Measured on AWS EC2 m6i.xlarge (4 vCPU, 16GB RAM) with MiniLM-L6-v2 (22.7M params), 3 independent runs of 100 iterations each. Commit `b00bab1`. Paper (\S7) uses canonical release-gate data from commit `057a85a`. Raw JSON available in [GitHub Releases](https://github.com/cyntrisec/EphemeralML/releases).

### Inference Overhead

| Metric | Bare Metal | Nitro Enclave | Overhead |
|--------|-----------|---------------|----------|
| Mean latency | 78.55ms | 88.45ms | **+12.6%** |
| P95 latency | 79.09ms | 89.58ms | +13.3% |
| Throughput | 12.73 inf/s | 11.31 inf/s | -11.2% |

### Cold Start Breakdown

| Stage | Time |
|-------|------|
| NSM Attestation | 88ms |
| KMS Key Release | 76ms |
| Model Fetch (S3→VSock) | 6,716ms |
| Model Decrypt + Load | 139ms |
| **Total** | **7,052ms** |

### Security Primitives

| Operation | Latency | Frequency |
|-----------|---------|-----------|
| COSE attestation verification | 3.012ms | Once per session |
| HPKE session setup | 0.10ms | Once per session |
| HPKE encrypt + decrypt (1KB) | 0.006ms | Per inference |
| Receipt sign (CBOR + Ed25519) | 0.022ms | Per inference |
| **Total per-inference crypto** | **0.028ms** | Per inference |

### E2E Encrypted Request Overhead

| Component | Latency |
|-----------|---------|
| Per-request crypto (encrypt+decrypt+receipt) | 0.164ms |
| Session setup (keygen+HPKE) | 0.138ms |
| TCP handshake (ClientHello→ServerHello→HPKE) | 0.153ms |

### Concurrency Scaling (bare metal, m6i.xlarge)

| Threads | Throughput | Mean Latency | Scaling Efficiency |
|---------|-----------|-------------|-------------------|
| 1 | 12.75 inf/s | 78ms | 100% |
| 2 | 14.73 inf/s | 136ms | 57.8% |
| 4 | 14.66 inf/s | 270ms | 28.8% |
| 8 | 14.57 inf/s | 546ms | 14.3% |

### Cost Analysis (m6i.xlarge @ $0.192/hr)

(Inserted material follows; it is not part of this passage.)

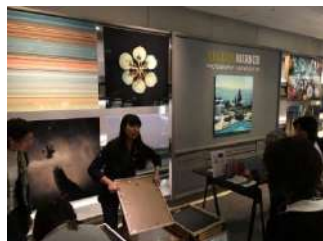
イエローコーナージャパン見学会

3月には今後のビジネス展開を視野に賛助会員にiconとのビジネスに関するアンケート調査を実施し、今後の企画に反映させる準備ができました。

| Metric | Bare Metal | Enclave |
|--------|-----------|---------|
| Cost per 1M inferences | $4.19 | $4.72 |
| Enclave cost multiplier | — | 1.13x |

### Key Findings

- **~12.6% inference overhead** — on par with AMD SEV-SNP BERT numbers (~16%), competitive with SGX/TDX
- **Latest 3-model campaign (2026-02-05)** — weighted mean overhead **+12.9%** (MiniLM-L6 +14.0%, MiniLM-L12 +12.9%, BERT-base +11.9%)
- **Embedding quality preserved** — near-identical embeddings (cosine similarity ≈ 1.0; tiny FP-level differences expected across CPU allocations)
- **Per-inference crypto cost negligible** — 0.028ms vs 88ms inference (0.03%)
- **E2E crypto overhead** — 0.164ms per request (0.19% of inference time)
- **Throughput plateaus at ~14.7 inf/s** — CPU-bound on 2 vCPUs; latency scales linearly with concurrency
- **$4.72 per 1M inferences** in enclave (1.13x bare metal cost)
- **First published per-inference latency benchmark on AWS Nitro Enclaves**

### GPU Performance (GCP Confidential Space, H100 CC-mode)

Measured on GCP a3-highgpu-1g (1x NVIDIA H100, TDX CC-mode ON) with Llama 3 8B Q4_K_M GGUF (4.6GB fetched from GCS at runtime).

| Metric | Value |
|--------|-------|
| Model | Llama 3 8B Q4_K_M (GGUF, 4.6GB) |
| Machine | a3-highgpu-1g (1x H100, TDX) |
| Boot to ready | ~3.5 min |
| 50 tokens generated | 12s (241ms/token) |
| Attestation | TDX quote, `nvidia_gpu.cc_mode: ON` |
| Receipt | Ed25519-signed, CBOR-canonical |

**Critical**: GCP Confidential Space GPU uses cos-gpu-installer v2.5.3, which installs driver 535.247.01. This driver supports CUDA <= 12.2 only. Using CUDA 12.6+ fails with `CUDA_ERROR_UNSUPPORTED_PTX_VERSION`. The `Dockerfile.gpu` must use `nvidia/cuda:12.2.2-devel-ubuntu22.04` as the base image.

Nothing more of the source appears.